I've been rather busy with a number of issues lately IRL, so I had little to say about
Ellen Pao's resignation from Reddit. Pao, you may recall,
lost a high-profile sex discrimination lawsuit against her former employer, the venture capital firm Kleiner Perkins, and was even obliged to
pay part of their claimed legal expenses. Predictably, the gang at industry watering holes
The Verge,
Ars Technica,
TechCrunch, and mainstream press like the
Los Angeles Times and
New York Times, eagerly painted a picture of the case somehow amounting to
a blow against sex discrimination in Silicon Valley, even though it was in fact a resounding rejection of that premise. Pao came off as a conniving tool, looking to shiv her employer once the right moment presented itself; who keeps a running journal of slights, except someone determined to sue?

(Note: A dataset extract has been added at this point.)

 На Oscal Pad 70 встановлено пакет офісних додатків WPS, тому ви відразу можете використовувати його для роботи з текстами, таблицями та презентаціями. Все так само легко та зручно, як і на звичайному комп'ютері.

But lost amid the raucous and empty self-congratulation in the popped balloon of Pao's hopes was the fact that she
ended up at Reddit after resigning from Kleiner Perkins, i.e. she had a real job at a troubled but sizable Internet company that needed turning around. Was she up to the job? One answer comes from the snarky
#ChairmanPao hashtag around Twitter, which certainly reflects the high-handed attitude she took toward the users she was charged with serving and monetizing. Her
resignation letter is both predictably politically biased and myopic, affecting a stiff upper lip while sniping at the user base. "'[S]everal users," she writes, "apologized for trolling me and for not
giving me the benefit of the doubt
when the troll hivemind moved against
me" (
emphasis mine).
So why am I leaving? Ultimately, the board asked me to demonstrate
higher user growth in the next six months than I believe I can deliver
while maintaining reddit’s core principles.

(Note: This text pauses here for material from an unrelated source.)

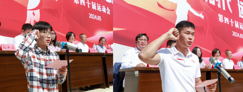 运动员代表浅海涵宣誓,表示将遵守运动会比赛规则和赛场纪律,服从裁判,尊重对手,团结协作,公平竞争,顽强拼搏,赛出风格,赛出水平;裁判员代表马龙老师宣誓,表示将忠诚履行裁判员职责,秉公裁判。随后,身着绚丽服装,手持鲜艳花球的学生啦啦操队不断变换队形,脚踏动感节拍,焕发出激扬的青春风采,拉开了团体操表演的帷幕,将开幕式表演氛围推向高潮。

The "higher user growth" she complains of certainly wasn't helped when Reddit
unceremoniously fired "Ask Me Anything" coordinator Victoria Taylor, who was apparently the glue keeping many disparate parts together. Many
sub-Reddits went dark rather than continue operating without her, as much in protest as in recognition of Taylor's utility in keeping the freewheeling communities from derailing. Regardless of
who pulled the trigger in Taylor's firing, it clearly touched a nerve with Redditors,
150,000 of whom signed an online petition to fire Pao.
It's important to recognize that because of Pao's symbolism, it's unlikely the press will view her as the incompetent, brittle hack her brief tenure at Reddit has exposed her to be; they need a villain to absolve her of anything like accountability.

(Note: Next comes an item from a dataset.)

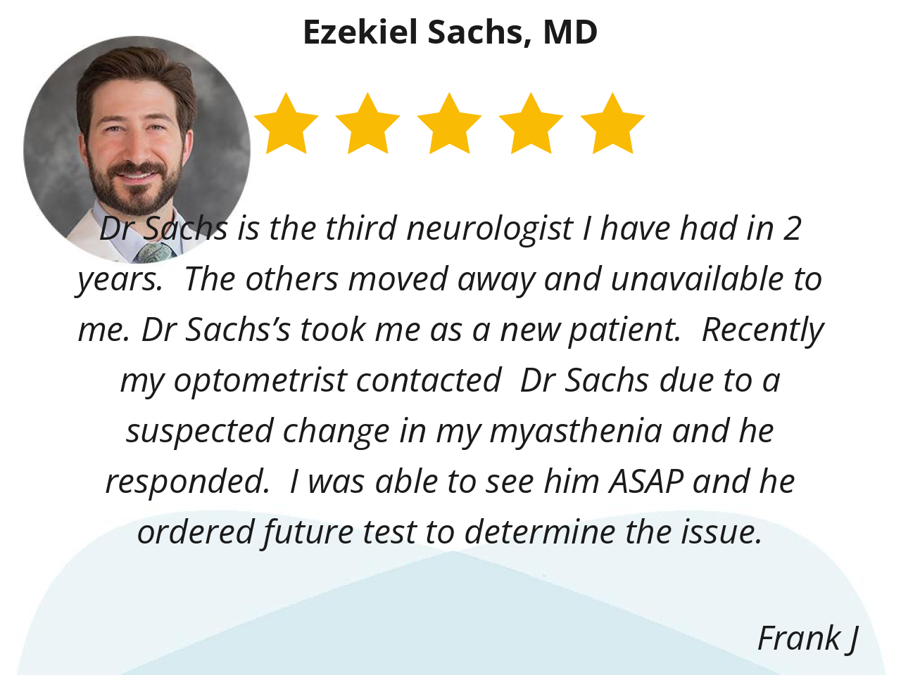 Dr Sachs is the third neurologist I have had in 2 years. The others moved away and unavailable to me. Dr Sachs’s took me as a new patient. Recently my optometrist contacted Dr Sachs due to a suspected change in my myasthenia and he responded. I was able to see him ASAP and he ordered future test to determine the issue.

Gawker has framed it as a "
misogynist tantrum".
Hot Air hunted down a
TechRaptor piece showing the
New York Times almost completely rewrote their original, just-the-facts-ma'am story in favor of a spin cycle worthy of Maytag, changing the headline from "Ellen Pao Is Stepping Down as Reddit’s Chief" to "It’s Silicon Valley 2, Ellen Pao 0: Fighter of Sexism Is Out at Reddit". And most predictably,
outrage-meister and perpetual beta male Arthur Chu ran straight for the charge of
"terrorist" claiming Taylor's firing was "a fig leaf". But once we get past the hubbub of culture wars, Chu has one point that survives unscathed:
The problem is that Reddit has been trying to sell a false bill of
goods to investors all this time—something that Ohanian and Huffman and
other true believers still cling to against all evidence.
This is the idea that you can build a functional community without
having to spend any money or effort to manage it—that it just happens
spontaneously through the “wisdom of crowds.” The Web 2.0 dream has
always been to outsource all of the hard jobs to your users—that unpaid
enthusiasts will do all the work of creating your content, curating your
content, and promoting your content out of love, and all you have to do
is pay some techies to keep the lights on.
Which is to say, the residue of Netscape — the notion that one can create value by giving away something for free — remains a deeply animating force in Silicon Valley. Pao had a difficult job no matter who ran Reddit, and it's far from clear
anyone can fix that company. But pretending she had no role in her own downfall there only serves a dead narrative.
Update 7/13/2015: Here's a fascinating
backgrounder from Vanity Fair on Ellen Pao and her husband, Buddy Fletcher. Fletcher's career eerily mimics Pao's: precocious youth, an Ivy League education with multiple degrees, and financial success that turned out to be a house of cards. Fletcher's hedge fund collapsed, with Louisiana public employee pension funds suing to liquidate their positions. But more interestingly, he sued his New York City coop on racial discrimination grounds when they refused to allow him to buy a
fourth apartment. The backgrounder also contains a detail I had previously missed in the fracas: Kleiner Perkins testified in the suit that "
despite
her claims to the contrary, Pao had never, during the five years in
which she alleged she had been harassed and discriminated against,
complained to anyone at the firm."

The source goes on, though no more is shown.